*Description of the task*. Leaving the images aside, transcribe all the data below exactly.
[[ Listed entries open ]]
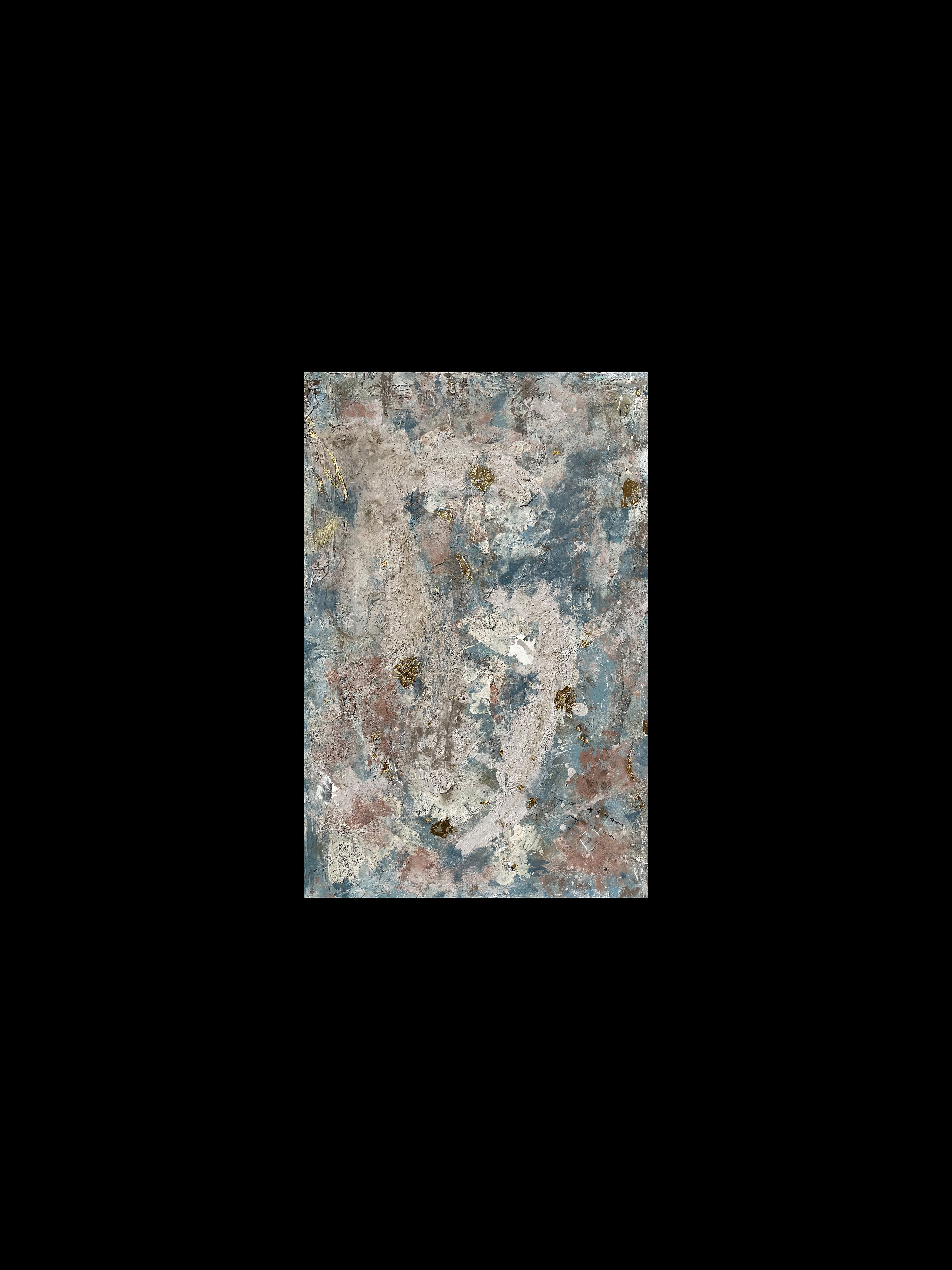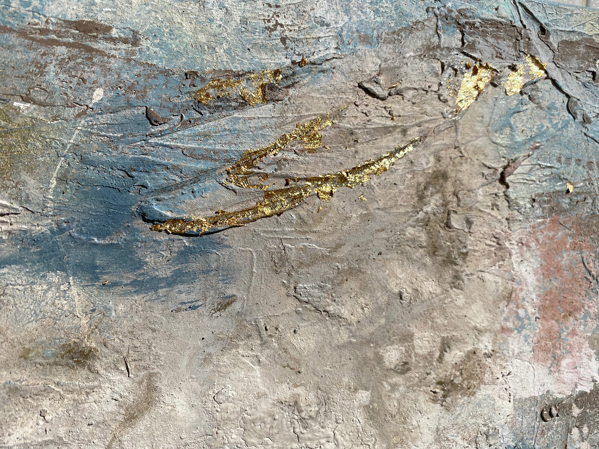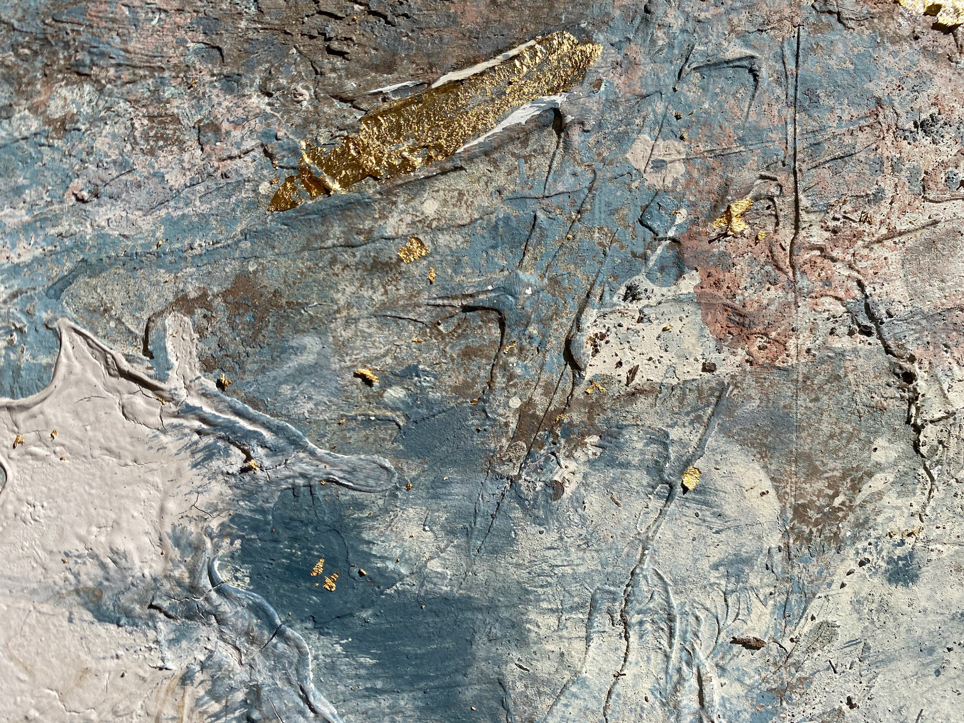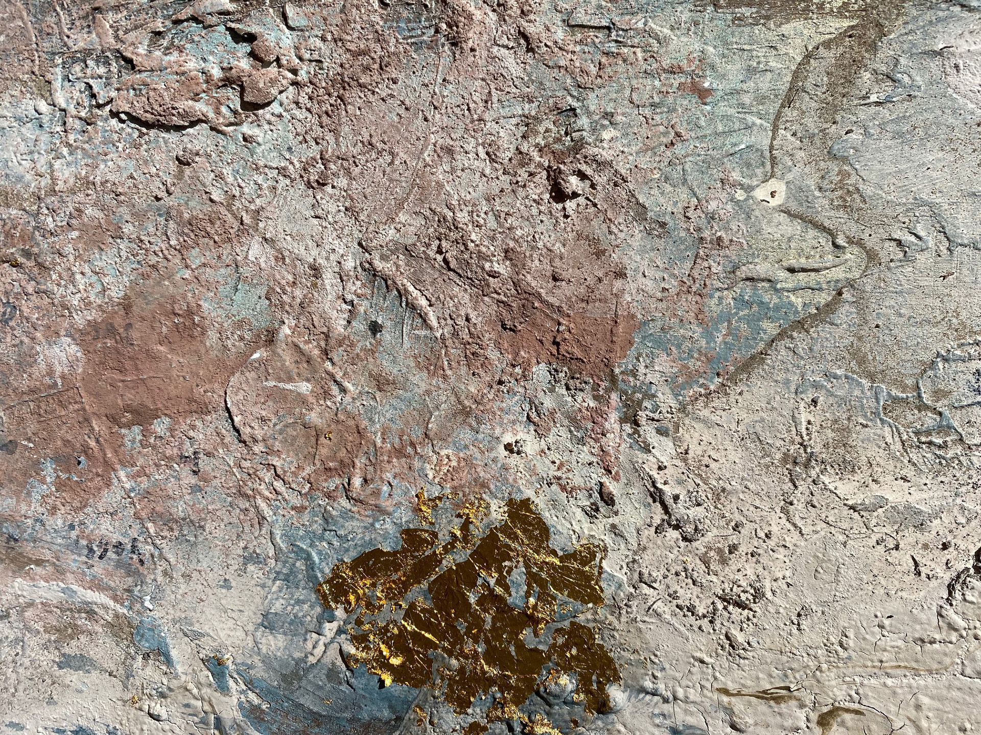120 x 80 cm. Tinta acrílica, spray, massa corrida, areia, terra & folha de ouro sob tela.
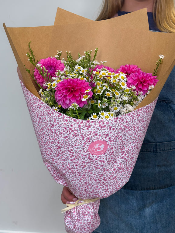 Choose between kraft paper or our special pink posy wrap to suit the occasion, and add a cute little bunny freckleberry chocolate, available with or without for a cheeky Easter touch.
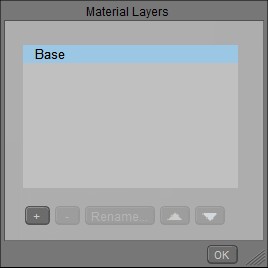 2.Click the Material Layers button at the top of the editor window. The Material Layers window opens. The Base layer, and any other existing material layers will be shown in the list.
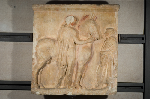 - NOTIZIE STORICO CRITICHE Luigi Beschi ha proposto di riconoscere nella figura del giovane col cavallo una replica o un'opera influenzata da uno dei due gruppi bronzei di cavalieri, opera di Lykios, figlio di Mirone, collocati sull'Acropoli di Atene, presso i Propilei (Paus., I, 22.4). Almeno nelle linee generali, il rinvenimento di basi che permettono di ricostruire attraverso i fori di incasso la posizione delle figure, appare confermare tale suggestiva ipotesi. Il ciuffo ornamentale del cavallo indica l'assimilazione di un uso di derivazione orientale, come indicano il sarcofaco c.d. di Alessandro e il mosaico di Alessandro, oltre ai cavalli di S. Marco a Venezia.
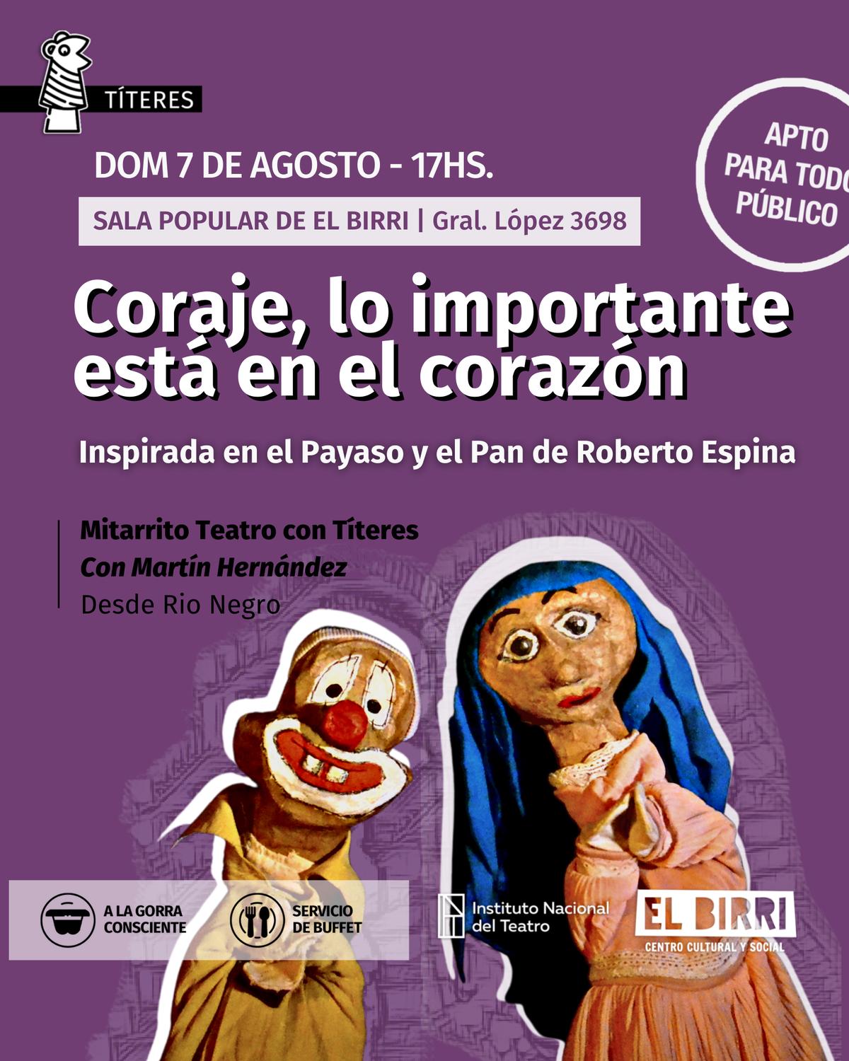 Para cerrar el primer fin de semana de agosto, llega “Coraje, lo importante está en el corazón” del grupo Mitarrito Teatro con Títeres de Río Negro. Se trata de un espectáculo apto para todo público que comienza a las 17.
[[ Listed entries closed ]]
*Solution for this exercise*.
120 x 80 cm. Tinta acrílica, spray, massa corrida, areia, terra & folha de ouro sob tela.
 Choose between kraft paper or our special pink posy wrap to suit the occasion, and add a cute little bunny freckleberry chocolate, available with or without for a cheeky Easter touch.
 2.Click the Material Layers button at the top of the editor window. The Material Layers window opens. The Base layer, and any other existing material layers will be shown in the list.
 - NOTIZIE STORICO CRITICHE Luigi Beschi ha proposto di riconoscere nella figura del giovane col cavallo una replica o un'opera influenzata da uno dei due gruppi bronzei di cavalieri, opera di Lykios, figlio di Mirone, collocati sull'Acropoli di Atene, presso i Propilei (Paus., I, 22.4). Almeno nelle linee generali, il rinvenimento di basi che permettono di ricostruire attraverso i fori di incasso la posizione delle figure, appare confermare tale suggestiva ipotesi. Il ciuffo ornamentale del cavallo indica l'assimilazione di un uso di derivazione orientale, come indicano il sarcofaco c.d. di Alessandro e il mosaico di Alessandro, oltre ai cavalli di S. Marco a Venezia.
 Para cerrar el primer fin de semana de agosto, llega “Coraje, lo importante está en el corazón” del grupo Mitarrito Teatro con Títeres de Río Negro. Se trata de un espectáculo apto para todo público que comienza a las 17.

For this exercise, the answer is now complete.